Part II: Recipe for Return to Work

Good, effective therapy is needed when someone is off work with a mental health problem, and some very basic and common sense ingredients are needed to help with RTW.  However, providers are not trained to focus on helping the patient return to work. They focus on personal areas of the patient that generally will not facilitate a quick recovery and return to work.

For example, an individual who was struggling with depression that affected their productivity starts therapy. Rather than focus on strategies that will reduce depression and restore function, the therapy sessions focus on childhood trauma that was disclosed in the intake (and the provider opines is the root “cause” of the depression).  While that may be something that could be helpful, to “unbundle” years of history to work through the trauma is best done when the individual is anchored; working rather than sitting at home worrying and ruminating about the past.

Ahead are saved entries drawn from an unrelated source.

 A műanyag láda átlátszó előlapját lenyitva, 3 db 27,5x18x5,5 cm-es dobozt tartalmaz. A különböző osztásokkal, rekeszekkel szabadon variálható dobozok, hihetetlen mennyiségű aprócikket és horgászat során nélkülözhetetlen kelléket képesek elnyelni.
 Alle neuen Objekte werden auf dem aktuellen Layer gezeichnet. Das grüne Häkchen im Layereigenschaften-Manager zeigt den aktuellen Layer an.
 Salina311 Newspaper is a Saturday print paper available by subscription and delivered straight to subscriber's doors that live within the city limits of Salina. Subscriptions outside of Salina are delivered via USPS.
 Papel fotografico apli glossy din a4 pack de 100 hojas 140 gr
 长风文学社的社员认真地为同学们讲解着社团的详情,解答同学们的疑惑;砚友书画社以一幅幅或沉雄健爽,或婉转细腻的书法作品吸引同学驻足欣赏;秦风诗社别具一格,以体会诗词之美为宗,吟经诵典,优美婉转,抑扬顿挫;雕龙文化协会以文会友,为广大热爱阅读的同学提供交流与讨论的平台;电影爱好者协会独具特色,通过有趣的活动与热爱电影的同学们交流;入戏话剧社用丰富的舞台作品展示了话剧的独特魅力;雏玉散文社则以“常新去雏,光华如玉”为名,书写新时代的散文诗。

The first ingredient of this common sense recipe is the outcome or goal. Simply stated, the goal is to restore function for recovery and return to work. It is critical to establish the goal within the first or second visit.  In 2007, the American Psychiatric Association stated that being off work is a crisis; all resources possible should be brought in to aid in recovery and work is therapeutic.

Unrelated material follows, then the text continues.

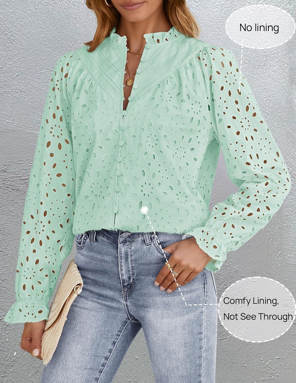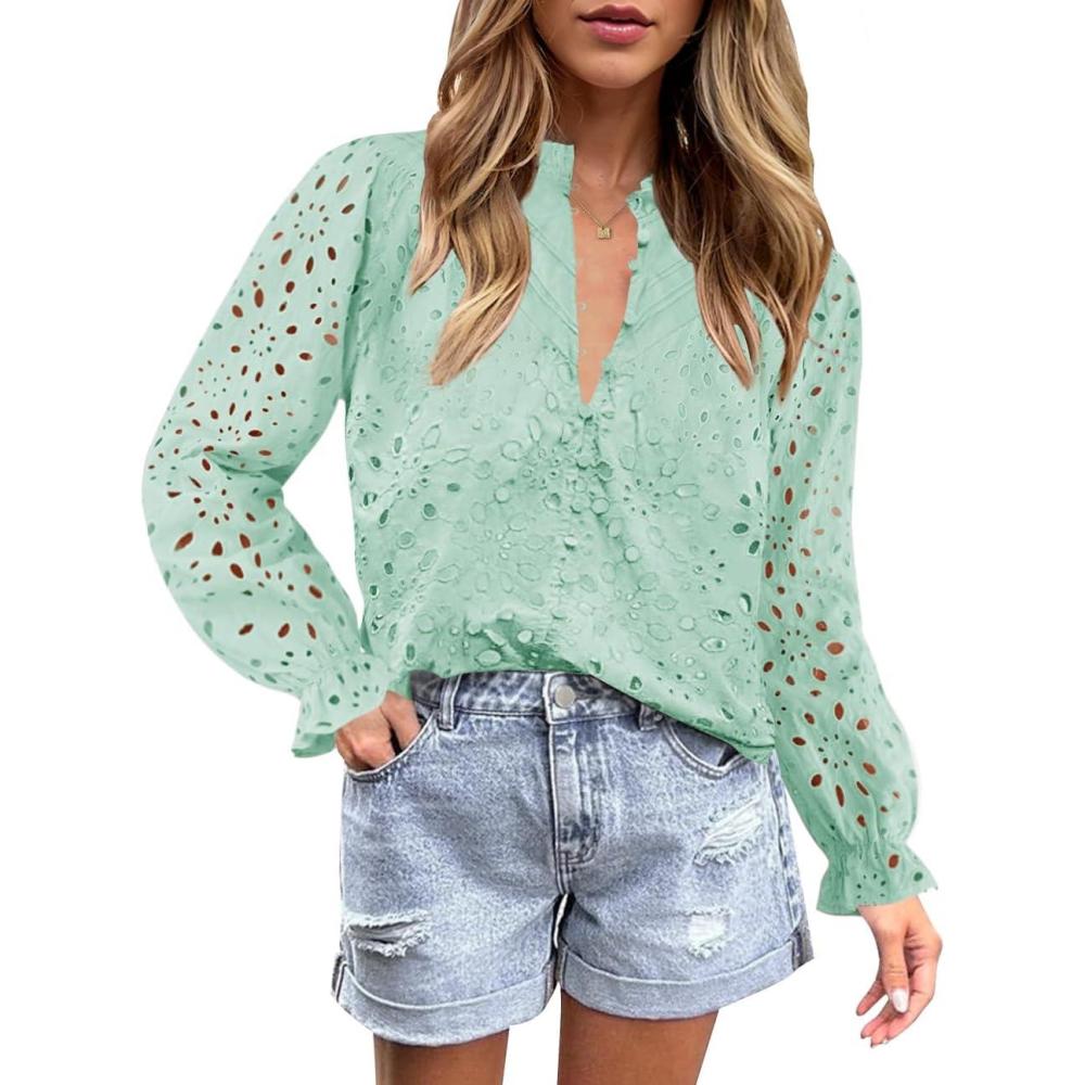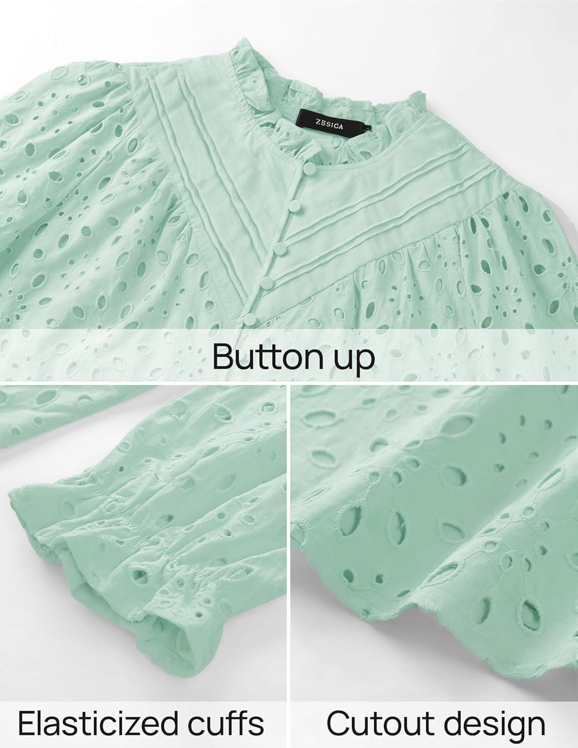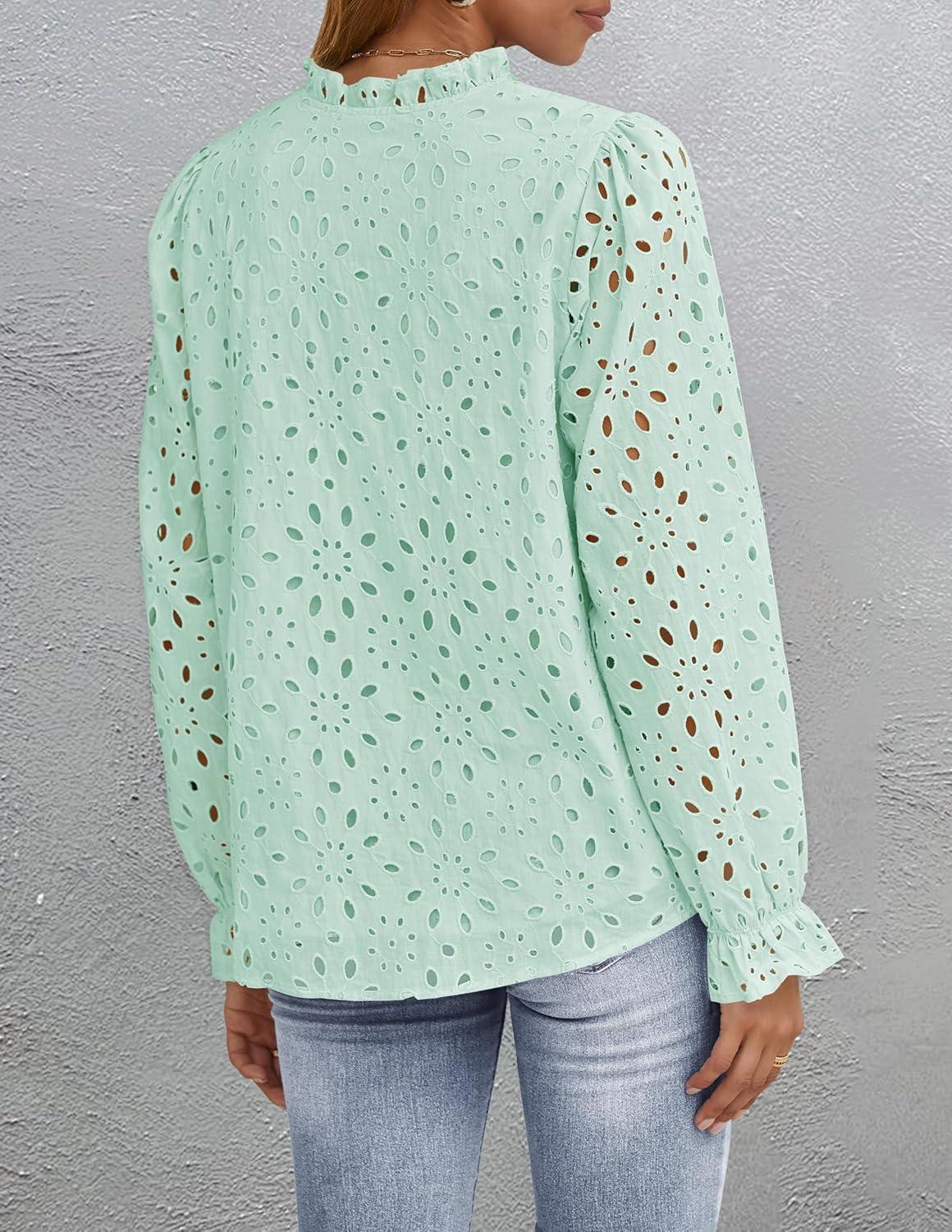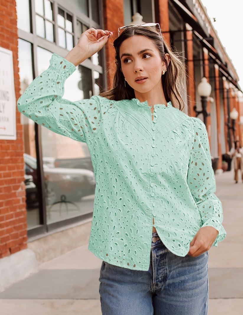 ZESICA Women’s Casual Blouse Tops Puff Long Sleeve Button V Neck Hollow Out Eyelet Lace Embroidered Shirt Dressy(Mint)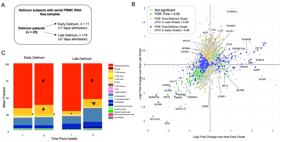 外周免疫基因动态变化揭示COVID-19谵妄机制:先天免疫持续激活与糖皮质激素调控的转录组学轨迹

Return to work as the focus of therapy is not harmful. Therapists should clearly state that return to work is the outcome.  Research completed in the Netherlands in 2012 showed if return to work was the goal and focus of therapy, people’s mental health condition improved and they were able to return to work sooner than other patients who did not focus on return to work in therapy. Follow this link to see the American Psychological Association article.

The second ingredient is to set the timeframe. People make better use of treatment when it is time limited.  (When did you complete that term paper??? Probably the night before it was due.)  Setting a timeline provides pacing and structure for the therapy process.

The third ingredient is setting a schedule of activity. Usually when people start therapy, they have been sitting at home, inactive, worried, with low motivation.  They are “drifting.” Routine activity grounds them. They need to feel they are accomplishing things to feel good about themselves. Therapy that focuses on getting the patients’ previous daily schedule re-established and filling that schedule with activity provides better results than just talking with the patient.

The final ingredient is the “type” of therapy.  Cognitive Behavior Therapy (CBT) has been shown in the research to be most effective in treating most mental health conditions. Eight to ten sessions is most common; some therapy can last up to 20 sessions before the individual starts the process of returning to work. CBT provides a framework for addressing irrational thoughts that affect one’s mood and giving homework designed to increase activity.  When someone thinks differently about their situation and then engages in behaviors that help reduce feelings of anxiety and depression, for example, they recover their self-confidence more quickly, improve their mood and subsequent actions continue to propel them forward in a positive way.

Mental health is becoming a more frequent concern for providers, and in Part 1 we looked at using the power of analytics to help select the right claims for this process, and in Part 2 we have looked at the right type of therapy to apply.

If you would like to learn more detail about this interesting topic, please email us at or Kate Harri at

See Part I.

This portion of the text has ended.